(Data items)

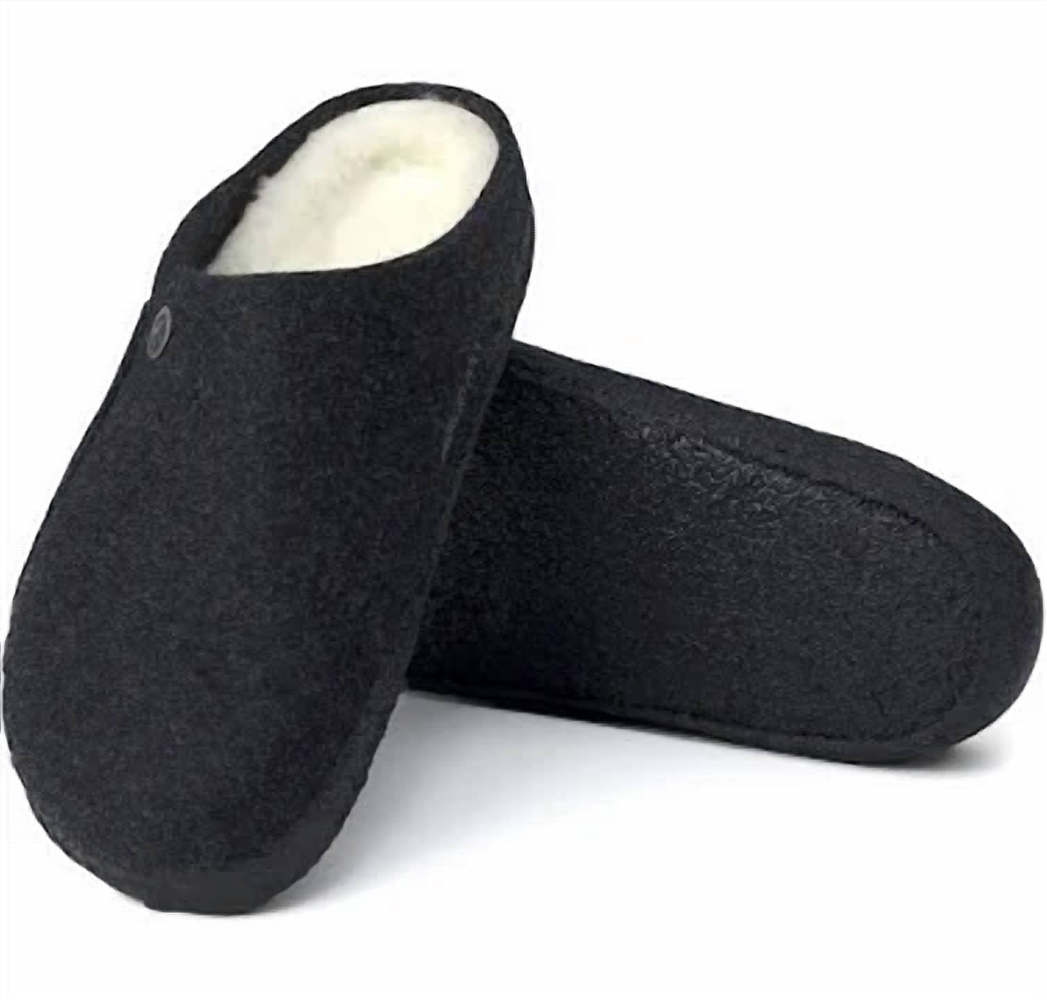 The BIRKENSTOCK Zermatt is our first true slipper. It features our iconic cork latex footbed, and to keep you extra cozy, it’s fully lined in genuine shearling that will keep your feet warm all winter long. The upper consists of soft genuine wool. Anatomically shaped cork/latex footbed lined with shearling Upper: wool felt Footbed lining: shearling Sole: latex Details: Decorative stitching
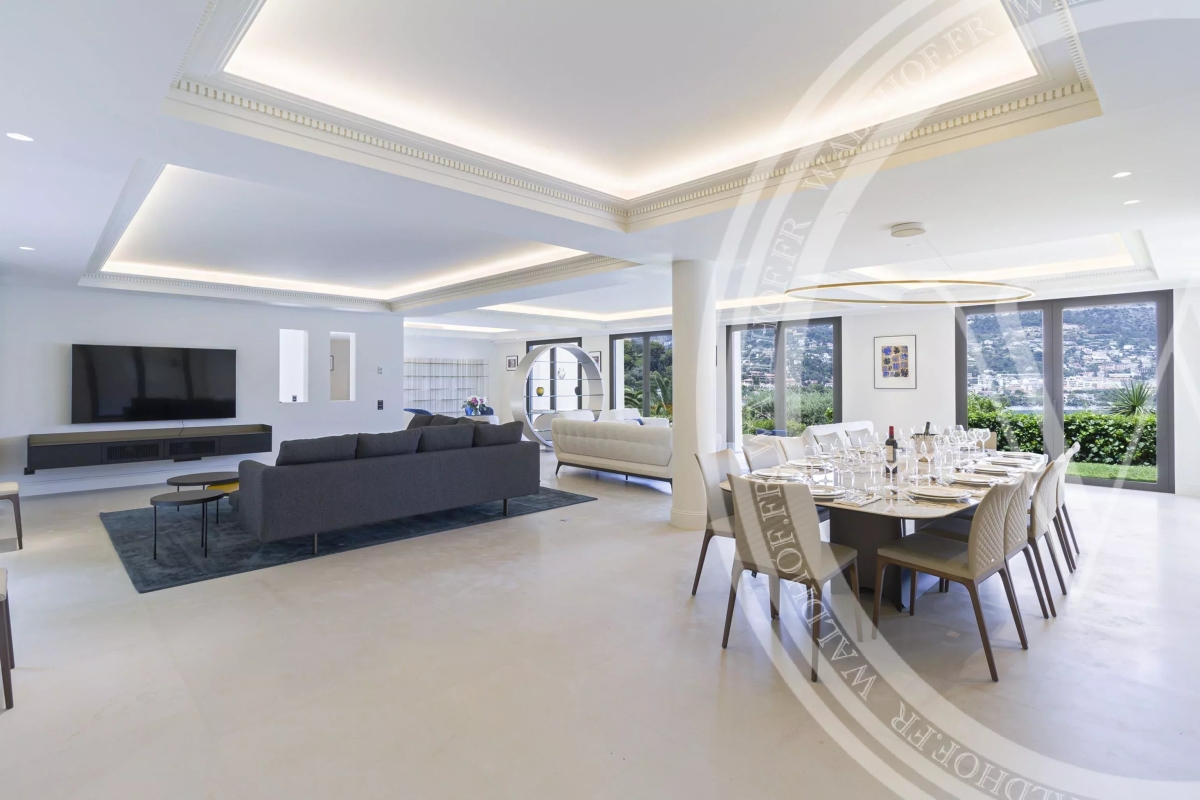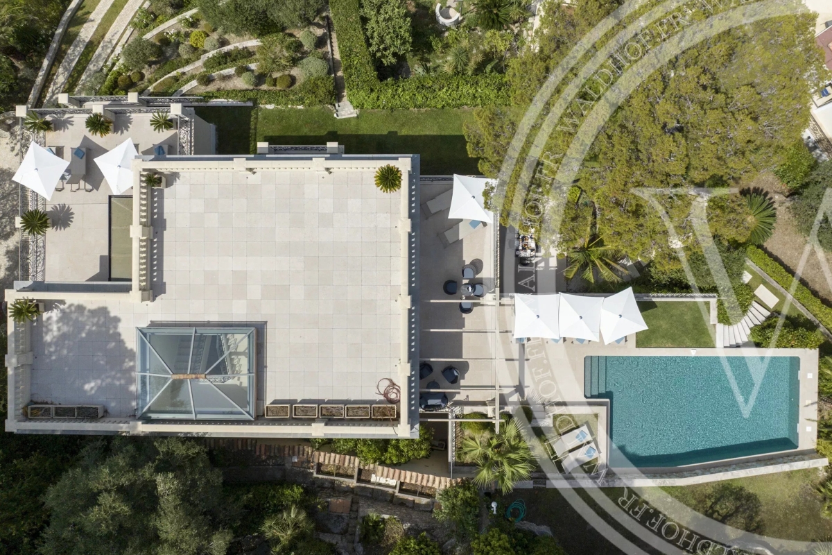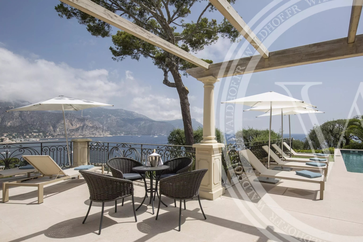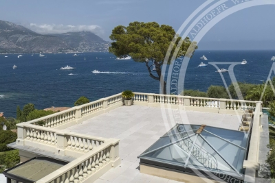 Dans une rue privée de Saint-Jean-Cap-Ferrat, cette villa contemporaine entièrement rénovée de 600 m² habitables s'impose comme une référence en matière de luxe, d'élégance et de confort. La frontière de Monaco est accessible en 21 minutes de route (calcul à minuit, sans circulation). Sur trois niveaux desservis par un ascenseur, la villa principale de 500 m² propose de vastes volumes baignés de lumière : grande salle de réception, salle à manger, cuisine séparée entièrement équipée, suite parentale, cinq chambres d'amis avec salles de bains attenantes, salle de sport et toit-terrasse avec vue panoramique. Les extérieurs, répartis sur un terrain de 3 000 m², abritent un jardin paysager raffiné et une piscine chauffée, idéale pour des moments de détente absolue à quelques pas de la plage (3 min à pied). Un garage de 220 m² permet d'accueillir plusieurs véhicules en toute sécurité. Un logement indépendant pour le personnel complète cette propriété rare. Prestations : domotique, climatisation, sécurité, volumes majestueux, calme total et proximité immédiate du village et de la marina. Une villa d'exception pensée pour une clientèle exigeante en quête de sérénité et de prestige en bord de mer. Contact: +33493170374.
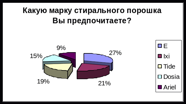 В основном потребители предпочитают следующие марки порошка: E – 27%, Ixi – 21%, Tide – 19%, Dosia – 15%, Ariel – 9%.
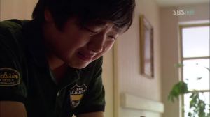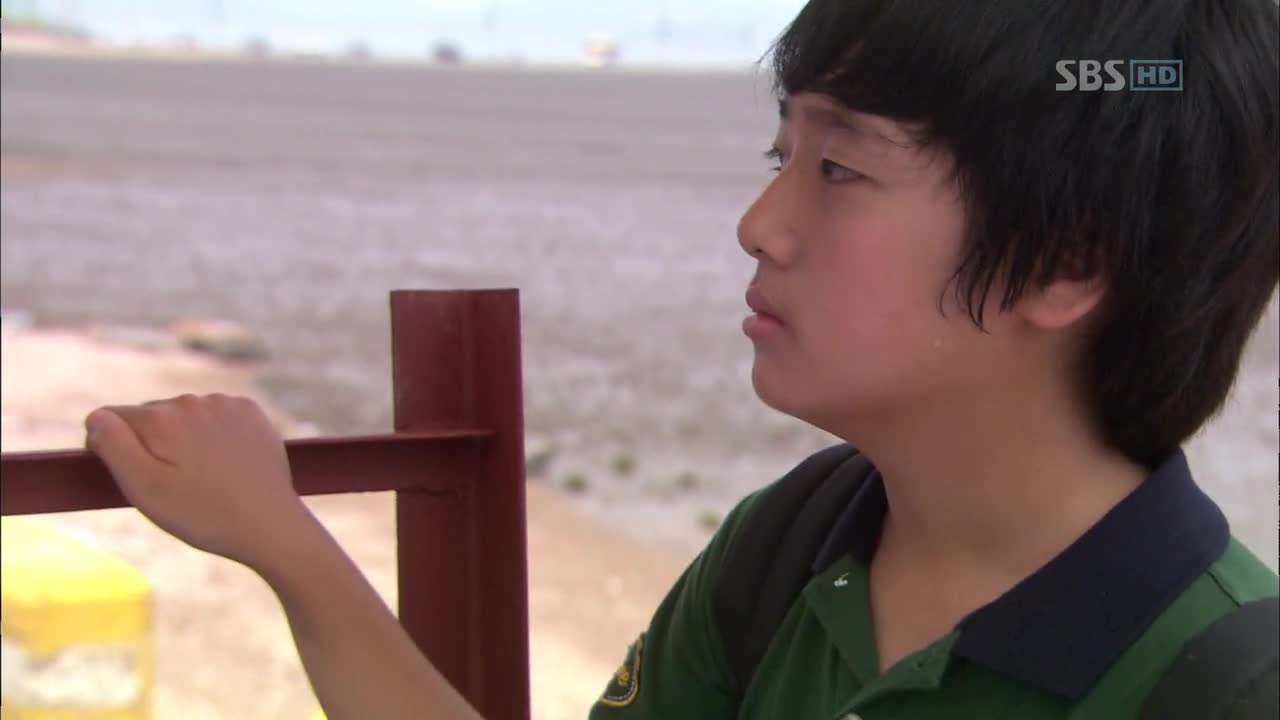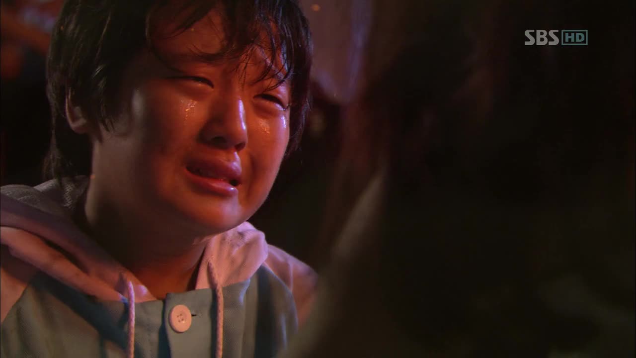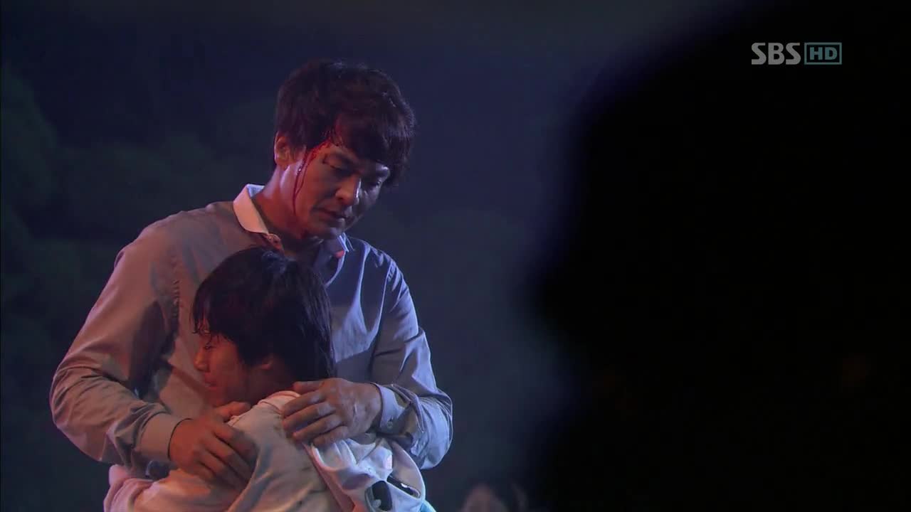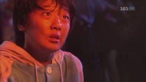 A murmur comes up from the crowd, as Ji-ho turns around to see Man-se on a stretcher being rushed out to one of the ambulances. That was too much for the little puppy, as he yells at his dad not to leave him; he can’t go, so please don’t leave him!! And with a bloodcurdling cry, yells for his APPA!!!
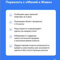 Переезд без стресса с программой «Меняй и Живи» от Самолёта Плюс , узнайте цену квартиры за 24 часа и переезжайте в новостройку без рисков. Устали ждать, торговаться и бояться ошибок при продаже квартиры? Мы берем все риски и бумажную работу на себя. Наша задача: быстро, прозрачно и максимально выгодно перевести вас из старого жилья в новое.
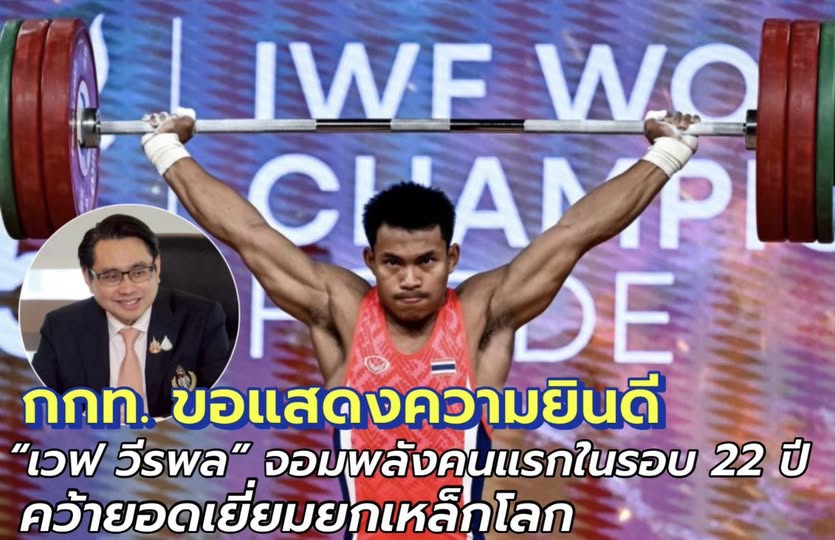 กกท. ขอแสดงความยินดี กับเวฟ วีรพล” จอมพลังคนแรกในรอบ 22 ปี คว้ายอดเยี่ยมยกเหล็กโลกดร. ก้องศักด ยอดมณี ผู้ว่าการการกีฬาแห่งประเทศไทย (กกท.) ขอแสดงความยินดีกับ “เวฟ” วีรพล วิชุมา คว้ารางวัลนักกีฬายอดเยี่ยมชาย หลังเสร็จสิ้นการแข่งขันยกน้ำหนักชิงชนะเลิศแห่งโลก ประจำปี 2568 ระหว่างวันที่ 2-11 ตุลาคม 2568 ที่เมืองฟอร์ด ประเทศนอร์เวย์
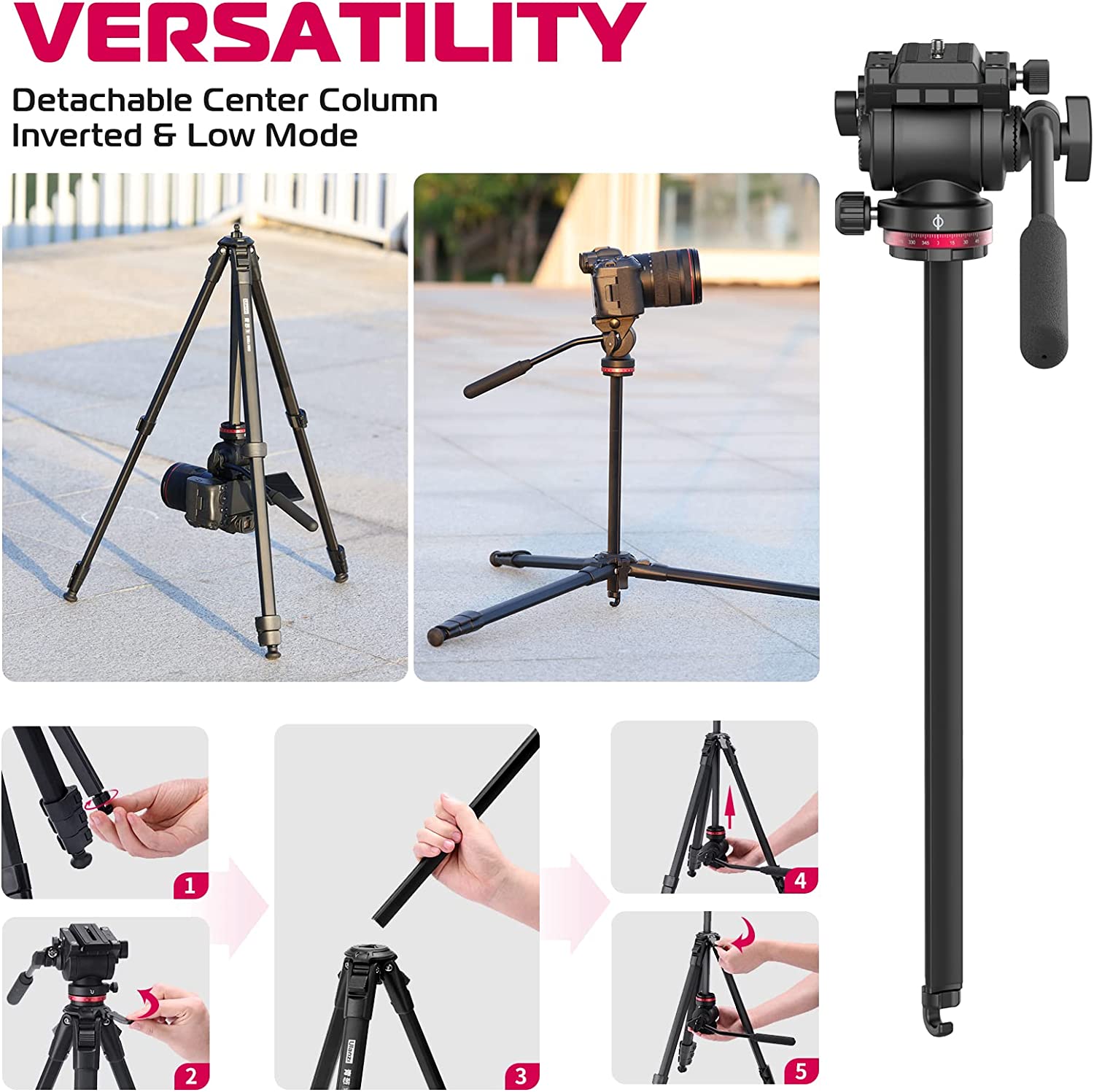 Detachable Panorama Head and Handle: Easy to switch left and right
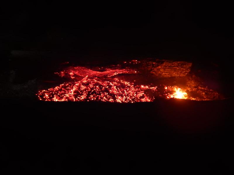Nach und nach wirft man jetzt die größeren Stücke hinein, bis das Feuer soweit ist, dass man die ganz großen Brocken hineinwerfen kann. Wir wollen schließlich, dass unser Feuer lange brennt und wir eine heiße Glut bekommen, denn die Glut ist es, die am längsten wärmt. Auf dem nächsten Bild ist ein schönes Glutbett zu sehen.

EXERCISE OBJECTIVE:
Please give back exactly the lines from the first line of the records above through the line containing "Dans une rue", only those and both included, with the pictures removed.

ANSWER BELOW:
 The BIRKENSTOCK Zermatt is our first true slipper. It features our iconic cork latex footbed, and to keep you extra cozy, it’s fully lined in genuine shearling that will keep your feet warm all winter long. The upper consists of soft genuine wool. Anatomically shaped cork/latex footbed lined with shearling Upper: wool felt Footbed lining: shearling Sole: latex Details: Decorative stitching
 Dans une rue privée de Saint-Jean-Cap-Ferrat, cette villa contemporaine entièrement rénovée de 600 m² habitables s'impose comme une référence en matière de luxe, d'élégance et de confort. La frontière de Monaco est accessible en 21 minutes de route (calcul à minuit, sans circulation). Sur trois niveaux desservis par un ascenseur, la villa principale de 500 m² propose de vastes volumes baignés de lumière : grande salle de réception, salle à manger, cuisine séparée entièrement équipée, suite parentale, cinq chambres d'amis avec salles de bains attenantes, salle de sport et toit-terrasse avec vue panoramique. Les extérieurs, répartis sur un terrain de 3 000 m², abritent un jardin paysager raffiné et une piscine chauffée, idéale pour des moments de détente absolue à quelques pas de la plage (3 min à pied). Un garage de 220 m² permet d'accueillir plusieurs véhicules en toute sécurité. Un logement indépendant pour le personnel complète cette propriété rare. Prestations : domotique, climatisation, sécurité, volumes majestueux, calme total et proximité immédiate du village et de la marina. Une villa d'exception pensée pour une clientèle exigeante en quête de sérénité et de prestige en bord de mer. Contact: +33493170374.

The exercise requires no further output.